Maxout Activation Function

What is an Activation Function?

An activation (or transfer) function maps a neuron’s weighted inputs plus bias to its output, adding non-linearity so the model can learn complex patterns beyond simple linear ones.

Activation Functions are also known as Transfer Function in the context of Neural Networks.

  • Math functions that calculate weighted sum of inputs and adds bias to give non-linearity to output of neuron.
  • Decides whether a neuron should be activated (“fired”) or not.
  • This helps Neural Network to use important information and suppress not so useful data points.
  • Adds non-linearity to Neural Network to tackle complex problems.
  • Real-world problems are non-linear. Recognizing cats vs. dogs
  • Without activation functions, f(z) = z, linear regression model, multiple linear layers form up to one big linear equation; useless for non-linear problems.

Maxout Function

piecewise linear function

  • General-purpose neuron activation function
  • Outputs the maximum value from a set of linear functions.
  • Used in hidden layers of deep neural networks as an alternative to ReLU
  • Generalizes ReLU and leaky ReLU because it can choose among many.
  • Handles vanishing gradients better than sigmoids.
  • Requires more parameters, which can increase the model size.
  • Good for Dropout regularization (Maxout works very well with it).
  • Output range (-∞ , ∞)

Maxout - Mathematical Derivation

  • accepts an input tensor x
  • reshapes the axis dimension into two dimensions
  • takes maximum along the axis dimension
  • returns: Output variable. The shape of the output is same as x except that axis dimension is transformed from M * pool_size to M.

Maxout ( x ) = max ( W 1 x + b 1 , W 2 x + b 2 , ⋯ , W k x + b k )

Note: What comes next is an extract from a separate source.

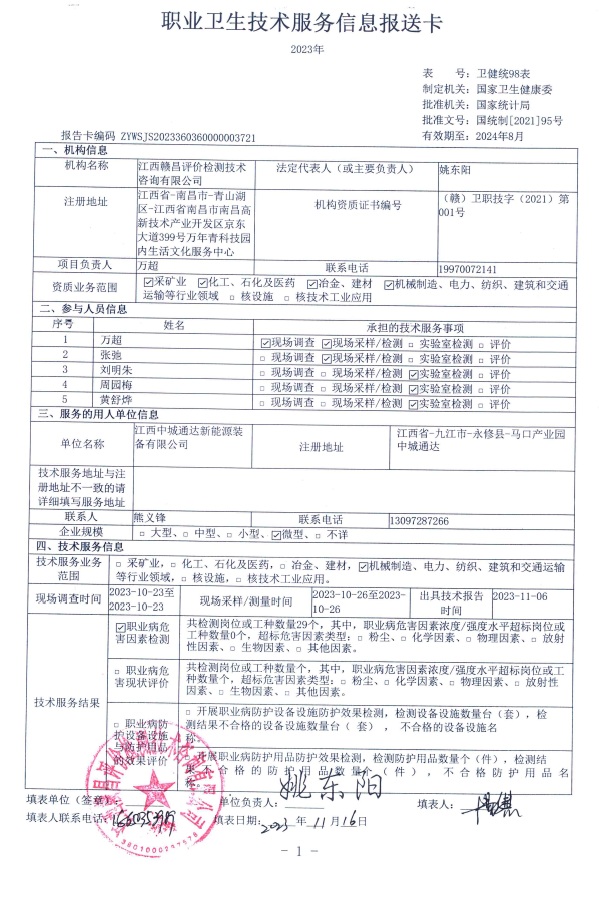 下一篇:新余贛鋒新鋰源電池有限公司贛鋒新鋰源年產(chǎn)1500萬件精密結(jié)構件100套生產(chǎn)設備項目 職業(yè)病危害預評價報告書 (報告編號:GCYP2023-046)

Let x Rd and wi and bi are the weights and biases for the i-th linear function, and k is the number of such functions.

How to apply Maxout?

Assume these inputs, weights, bias and the pool size of 2:

(Shape: 1x3) Input Xi: [3.2, 1.2, 0.5]

(Shape: 3x4) Weight Wi:
[0.2 0.4 0.1 -0.5
0.7 -0.3 0.5 0.2
-0.6 0.8 -0.2 0.9]

(Shape: 4) Bias Vector b = [0.1, -0.2, 0.3, 0.0]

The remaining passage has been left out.